If you haven't confirmed your flight from Boston to Portland, you should consider driving.  It's very close...less than 2 hours.  It will take you less time than flying...considering you would have to get back to Logan...and wait...luggage; you know the drill...security.  It would be considerably cheaper as well.  The drive is easy, and you can stop along the way and see the sights.

Or, if you are staying at Attitash first, you can drive directly there from Boston...about 3 hours.  It's a lovely drive.


----------



## Icc5 (Mar 21, 2007)

Not a quilter.


----------



## Iwant2gonow (Mar 28, 2007)

*Favorite restaurants near the Grand Summit at Attitash*

Bart,
Sorry it took so long for me to get back to you about restaurants in the area. First I’ll give you a list in order of preference for the best food. Then I’ll go back and give you distances and more info on atmosphere, etc.

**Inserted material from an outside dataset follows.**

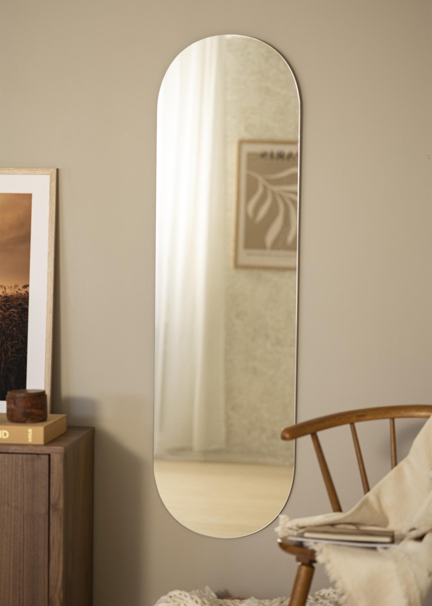 Objavte elegantné a všestranné nástenné zrkadlo navrhnuté tak, aby dopĺňalo všetky miestnosti vo vašom dome. So svojimi veľkorysými rozmermi 40x140 cm ponúka toto zrkadlo praktickú a dekoratívnu funkciu vo vašom priestore. Jeho organický a podlhovastý tvar s oblými okrajmi a jemným zakrivením na vrchu dodáva moderný a jemný vzhľad, ktorý zapadá do rôznych štýlov interiérov.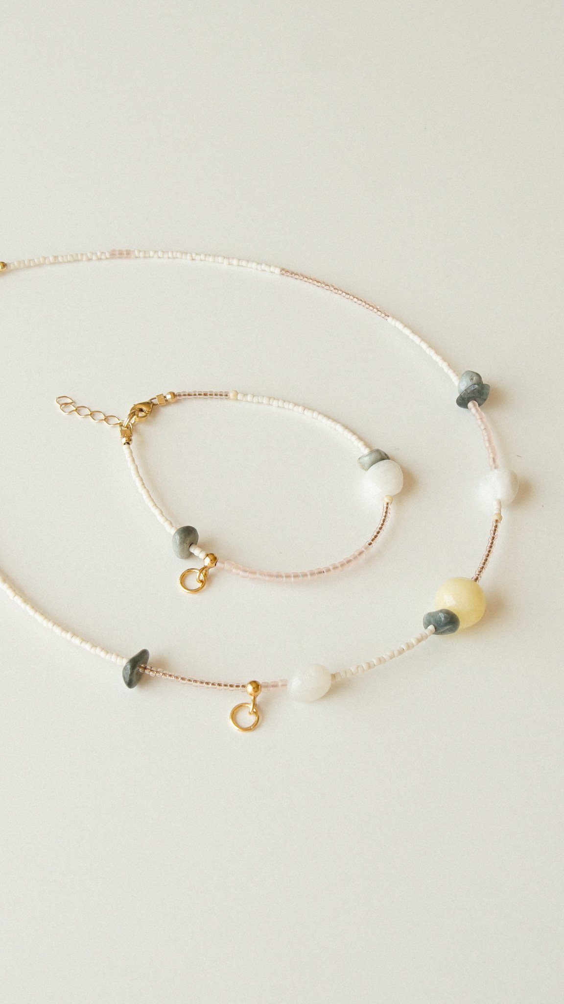 BIAŁE NOCE to naszyjnik wykonany ręcznie z drobnych koralików szklanych w różnych kolorach – kremowym i w odcieniach różu. W koraliki są wplecione minerały – malutki opal, żółta kulka jadeitu, a także nieregularne białe kamienie księzycowe i szare agaty oraz wiszące kółeczko ze srebra pozłacanego. Naszyjnik posiada zapięcie ze srebra pozłacanego wraz z przedłużką do regulacji długości.

1. Sunset Hill House in Sugar Hill, NH   www.sunsethillhouse.com
2. Wildcat Inn & Tavern, Route 16A, Jackson Village, NH 03846                                                    
     Mentioned in Boston Globe, Bon Appetit, Gourmet  www.wildcattavern.com/
3. The 1785 Inn, Main Street, North Conway, NH  www.the1785inn.com/dinner.html
4. Stonehurst Manor, North Conway, NH  www.stonehurstmanor.com
5. The Whitney Inn, At Black Mountain Jackson, NH  357 Black Mountain Road    www.thewhitneyinn.com/inn.html
6. Horsefeathers, Main Street, North Conway, NH  www.horsefeathers.com/

By far Sunset Hill House is a 10 in Gourmet dining. It is exactly 1 hour from the Summit...but worth the trip. You can dress casual nice or dress and enjoy one if the best dinners on the east coast. Very pretty inn with a view and friendly people. I would use Mapquest to find also there is another restaurant on the same road with a similar name so don’t beconfused if traveling there as I was. It is called Sugar Hill Inn. You may pass this one first iff you come from the same direction as I did. Not sure since I traveled from Loon Mountain the time we dined here.

Wildcat Inn & Tavern is very interesting and diverse. Probably 15 to 20 minutes from Attitash. We passed this place many times when traveling with our kids who were young at the time and I thought from the outside that it would be too much of a rowdy tavern for them judging from the outside.  I would take them there now...i think they would love it. The Inn has a dining side which we ate on and a tavern side which you can eat on also. We found a coupon for the dining side at Restaurant.com. When we arrived the tavern side looked like so much fun we stopped in after dinner. I rated the food a 10 until we dined at Sunset Hill House. Now I give it a 9 ½. Anyway the tavern had what seemed to be local entertainers getting up and playing their own music. This side was packed and the entertainment was very good. 

The dining room at The 1785 Inn is very small and cozy. Food is fabulous and we always ask for our favorite “Yodeling Waiter” Eric. Ask him he will yodel for you.  Food is a 9.
Very close by the Summit.

The Stonehurst Manor has a unique history and 2 for 1 dinners on Thursdays. It is a family tradition to eat here when our kids are with us.  I rate the food as a 7 or 8 depending on the night. Close by the Summit.

The Whitney Inn...have not been there in years but remember wanting to go back. It was closed for the season when we tried. 

Horsefeathers has very good food and is close by, but we reserve this place for the best burgers and appetizers. Also enjoy the margaritas.

I know this is lengthy...but I hope it helps...especially the websites that I included.
Enjoy your trip!
Terrie


----------



## Icc5 (Mar 28, 2007)

*Thank you Terrie*

Thank you for all the information and the web sites.  I'm sure we will not only enjoy the food but the discovery also.
Thanks again,
Bart


----------